*** Opening Material shown ***

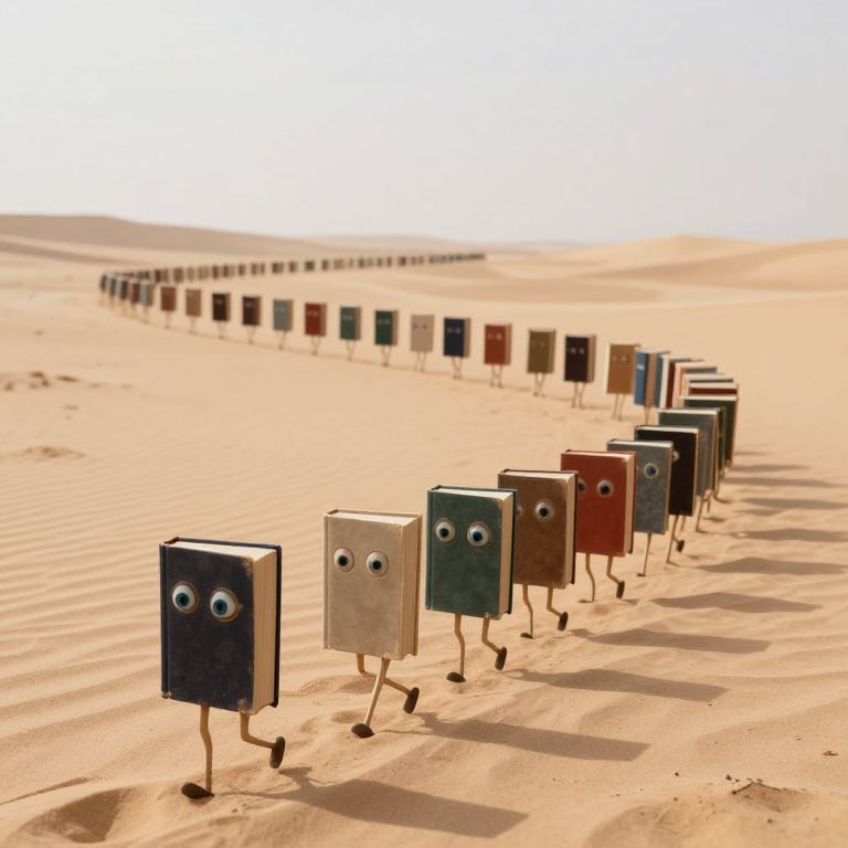 In a surreal procession across the barren desert, an endless line of books with sentient eyes marches forward, their tiny legs carrying the weight of knowledge and curiosity, evoking a poignant blend of wonder and existential solitude.
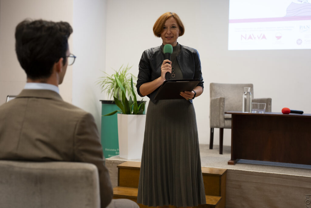 Po powitaniu zebranych przez przedstawiciela Biblioteki, słów kilka o projekcie “Kobieca strona poezji” oraz o przygotowanej publikacji wygłosiła kierowniczka projektu, dyrektorka Stacji Naukowej PAN w Rzymie, Agnieszka Stefaniak-Hrycko.
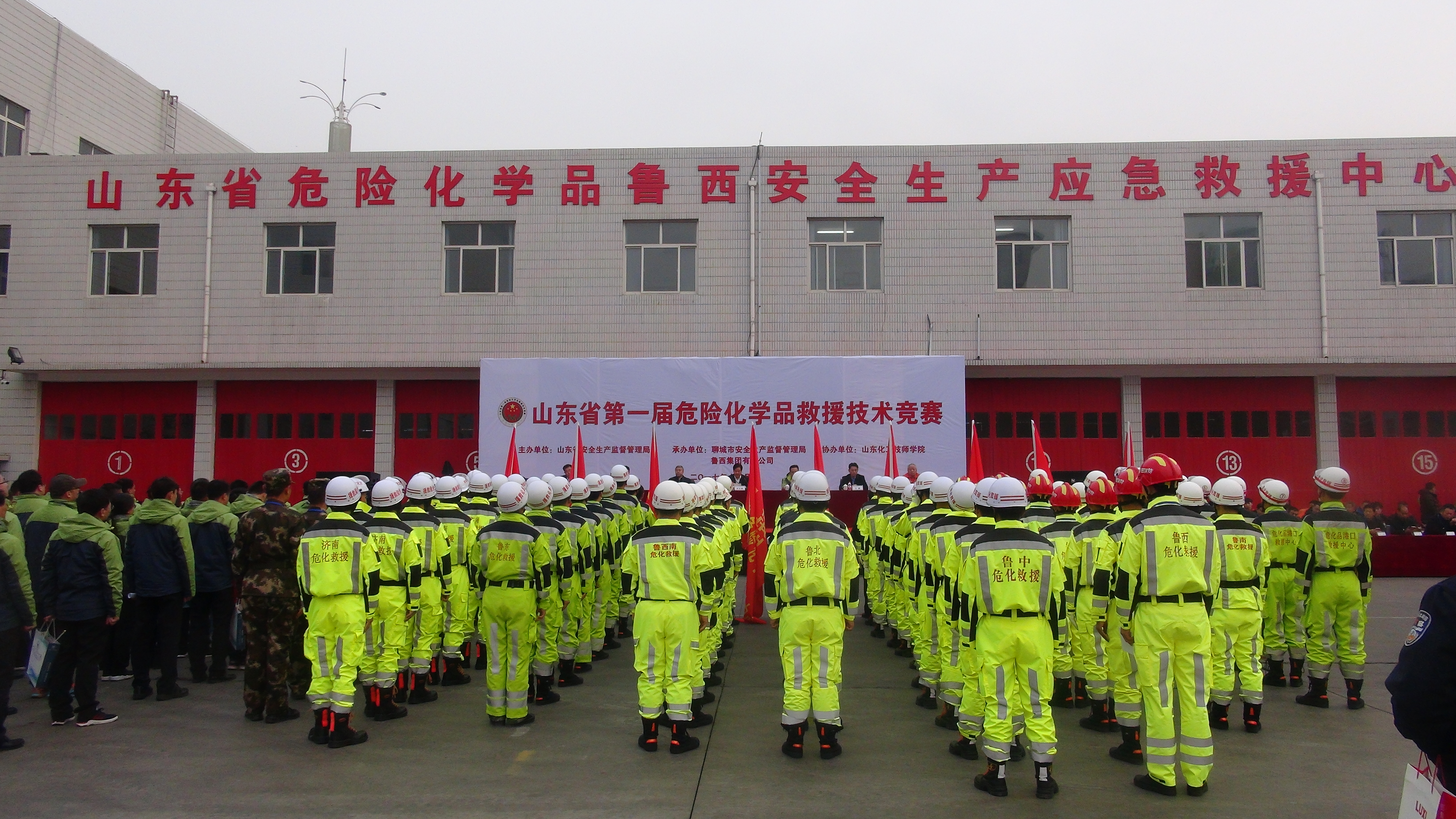 ? ? ? 11月16日-17日,由山東省安全生產監督管理局主辦,聊城市安全生產監督管理局、魯西集團有限公司承辦,山東化工技師學院協辦的山東省第一屆危險化學品救援技術競賽在魯西集團應急救援中心順利舉行。山東省安監局副局長高建軍、聊城市副市長洪玉振、山東省安全生產應急救援指揮中心主任郭方銘、魯西集團黨委書記張金成等出席開、閉幕式并現場觀摩了競賽。
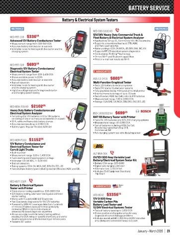• For testing 6 & 12V batteries in12 to 24V systems BAT 135 Battery Tester with Printer
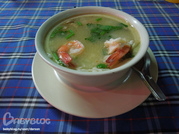 Стараюсь есть больше супы, так как дитятко наше давит на кишечник, что есть сил. Супы местные любят, так что здесь их большое разнообразие. Суп с рисом и морепродуктами стоит от 60 руб.за порцию. Естественно, не обходится без сладкого. Блинчики с шоколадом и бананами ( нет сил устоять) сводят меня с ума (40 руб. блин).
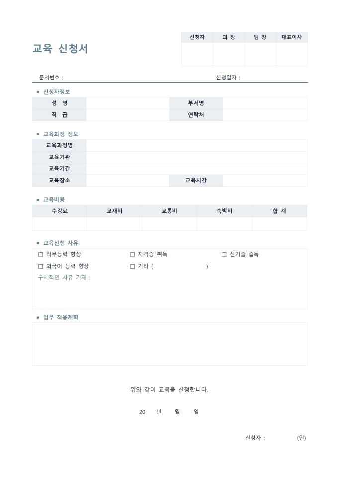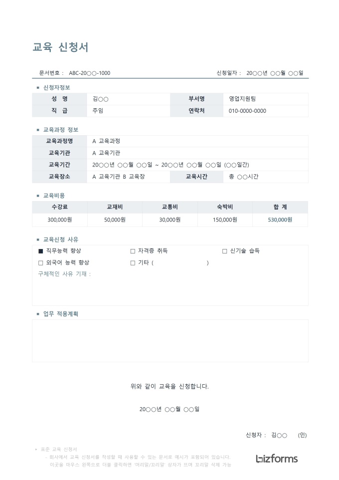 9,000원/월표준 교육신청서 서식입니다. 교육신청서는 개인이 특정 교육 과정, 프로그램 또는 세미나에 참여하고자 할 때 자신의 정보를 제공하고 참여 의사를 밝히는 서식입니다. 회사 내부 교육, 외부 교육 등 효과적인 참가자 관리와 프로그램 운영을 위해 필수적으로 사용되는 서식입니다.
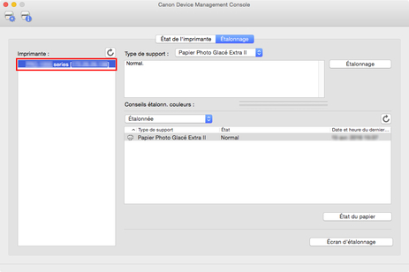 Dans la liste des imprimantes, sélectionnez l'imprimante pour laquelle vous souhaitez consulter le journal d'exécution de l'étalonnage des couleurs.
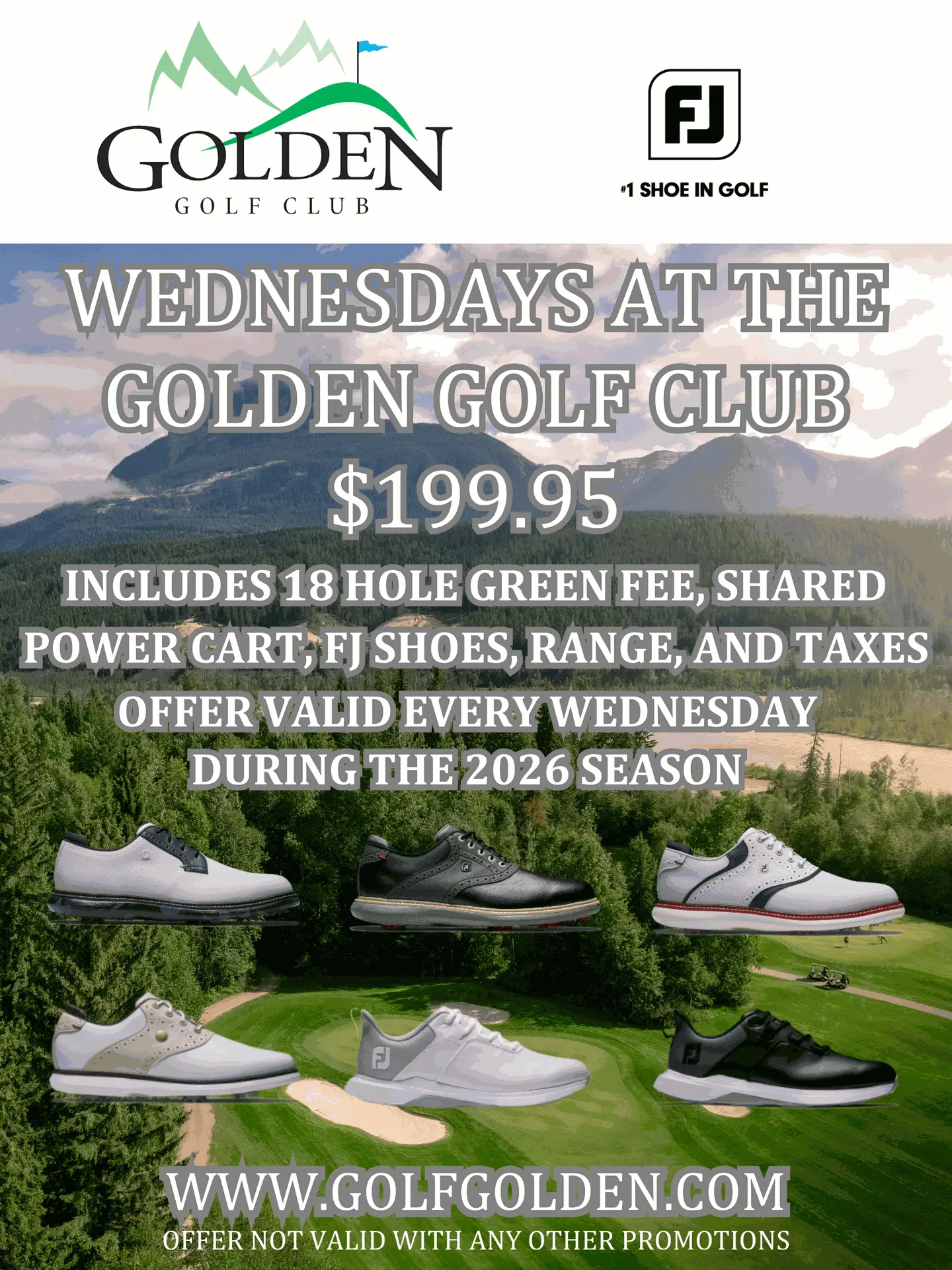 The Golden Golf Club is pleased to announce our “All You Can Play – Everyday” Special. That’s right you can now play as many holes as you like each day for one low green fee price. Incredible value! Why pay to just play 18 holes as you do at most other courses, when you can play 27, 36 or as much as you like everyday at the Golden Golf Club. We have always been known for exceptional value and once again we lead the way!
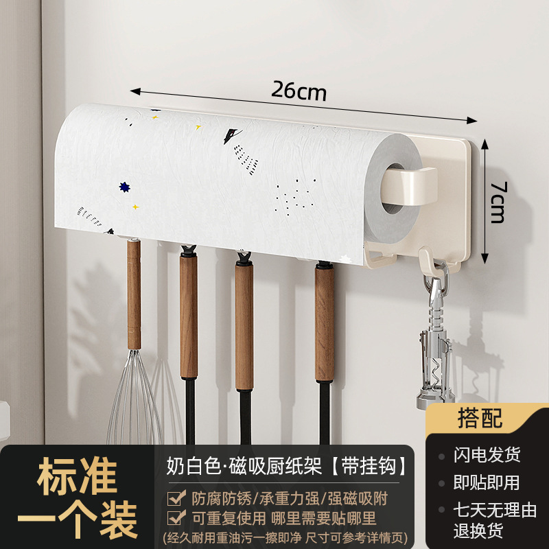 • 밀크 화이트 - 마그네틱 스타일丨후크가 있는 키친 페이퍼 홀더

*** Closing Material shown ***

Could you retype all the entries above exactly, without the pictures?

Solution for this problem>
 In a surreal procession across the barren desert, an endless line of books with sentient eyes marches forward, their tiny legs carrying the weight of knowledge and curiosity, evoking a poignant blend of wonder and existential solitude.
 Po powitaniu zebranych przez przedstawiciela Biblioteki, słów kilka o projekcie “Kobieca strona poezji” oraz o przygotowanej publikacji wygłosiła kierowniczka projektu, dyrektorka Stacji Naukowej PAN w Rzymie, Agnieszka Stefaniak-Hrycko.
 ? ? ? 11月16日-17日,由山東省安全生產監督管理局主辦,聊城市安全生產監督管理局、魯西集團有限公司承辦,山東化工技師學院協辦的山東省第一屆危險化學品救援技術競賽在魯西集團應急救援中心順利舉行。山東省安監局副局長高建軍、聊城市副市長洪玉振、山東省安全生產應急救援指揮中心主任郭方銘、魯西集團黨委書記張金成等出席開、閉幕式并現場觀摩了競賽。
• For testing 6 & 12V batteries in12 to 24V systems BAT 135 Battery Tester with Printer
 Стараюсь есть больше супы, так как дитятко наше давит на кишечник, что есть сил. Супы местные любят, так что здесь их большое разнообразие. Суп с рисом и морепродуктами стоит от 60 руб.за порцию. Естественно, не обходится без сладкого. Блинчики с шоколадом и бананами ( нет сил устоять) сводят меня с ума (40 руб. блин).
 9,000원/월표준 교육신청서 서식입니다. 교육신청서는 개인이 특정 교육 과정, 프로그램 또는 세미나에 참여하고자 할 때 자신의 정보를 제공하고 참여 의사를 밝히는 서식입니다. 회사 내부 교육, 외부 교육 등 효과적인 참가자 관리와 프로그램 운영을 위해 필수적으로 사용되는 서식입니다.
 Dans la liste des imprimantes, sélectionnez l'imprimante pour laquelle vous souhaitez consulter le journal d'exécution de l'étalonnage des couleurs.
 The Golden Golf Club is pleased to announce our “All You Can Play – Everyday” Special. That’s right you can now play as many holes as you like each day for one low green fee price. Incredible value! Why pay to just play 18 holes as you do at most other courses, when you can play 27, 36 or as much as you like everyday at the Golden Golf Club. We have always been known for exceptional value and once again we lead the way!
 • 밀크 화이트 - 마그네틱 스타일丨후크가 있는 키친 페이퍼 홀더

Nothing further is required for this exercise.